'I was really, really scared': Cambridge athlete overcomes misdiagnosis to earn NCAA scholarship
It seemed like a simple sprain at first, but that kicked off a nearly two-year ordeal for April McDonald, who worried her dream of a soccer scholarship in the U.S. would become just that.
“I was scared. I was really, really scared,” recounted McDonald about the ankle injury she suffered while playing basketball in Grade 10 in the fall of 2019.
That began a series of trips to the doctor’s office for the 17-year-old from Cambridge. The injury was initially assessed as a sprain – three weeks of recovery should do.
McDonald says three months later, nothing had improved. Subsequent medical appointments and an MRI uncovered a broken talus bone, a torn ligament and two other severely strained ligaments.
She opted for surgery, but pandemic-induced measures meant months-long delays in scheduling until finally McDonald was on the operating table in May 2021.
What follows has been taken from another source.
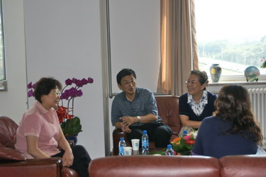 在院长办公室,葛华副司长和孙院长、朱院长进行了亲切地交谈。葛华副司长对我院能够在短短一年多的时间内建成这样一座现代化的雄伟大学感到惊叹;对全体大外人团结一心,勇于进取的精神感到赞赏;对现阶段的学院更名及博士点申报工作表示关切。院长孙玉华首先感谢国家教育部长期以来对于我院的关心和支持,孙院长说,大连外国语学院是一所以国际化办学为特色的充满了生机与活力的多科型外国语大学,近年来,学院的各项事业得到了长足发展,尤其是旅顺校区的建成为我院教育事业的进一步发展壮大开拓了更为广阔的空间,更名和博士点申报工作是下一步的工作重点,学院在抓实这两项工作的同时,继续强化国际化办学特色,发挥外语教学资源优势,为国家培养出更多高素质、高水平的外语人才。

All that time spent hobbling instead of on the field had the young teen worried she was missing the most important time of her soccer development – and her opportunity to play stateside.
“I was watching my team play and other girls sign for the States so, it was really hard mentally watching that happen,” said McDonald. “I was really angry. I was angry at everyone.”
McDonald longed to be back on the pitch – describing it as her therapy.
“Soccer and sports [were] my outlet for stress,” said McDonald. “Not having that, it was really hard to express any of my emotions. Whenever I looked at my ankle, it was just a constant reminder that, ‘Oh, I can’t play.’”
A summer spent in a cast meant McDonald was back on the pitch in the fall – kicking and scoring all over again.
“[It was] amazing. Waiting those two years was really hard, but the first time I stepped back on the field there was so much relief and happiness,” said McDonald.
She was able to play in enough games to create a sizzle reel of goals, which included a looping shoot from outside of the 18-yard box that sailed over the ‘keeper and under the bar. Another was scored straight from the corner flag while another screamer was sent in from 30 yards out.
She sent off the highlight video to U.S. schools and got an offer out of Buffalo, but when Lafayette College came calling – her dream had come true.
“I remember being so happy. I was like jumping with my brothers,” said McDonald. “It was finally happening.”
McDonald signed her dreams into reality at her high school, Jacob Hespeler Secondary, and accepted a full-ride scholarship with Lafayette College in Easton, Pennsylvania – about an hour outside of Philadelphia – where she’ll play Division 1 soccer.
After nearly two years of resilience, McDonald gets her first tour of the campus later this month before moving in the summer.
Looking back, McDonald said the hardship made her stronger.
“Things have a way of working out, even when you don’t see that it’s going to work out,” she said.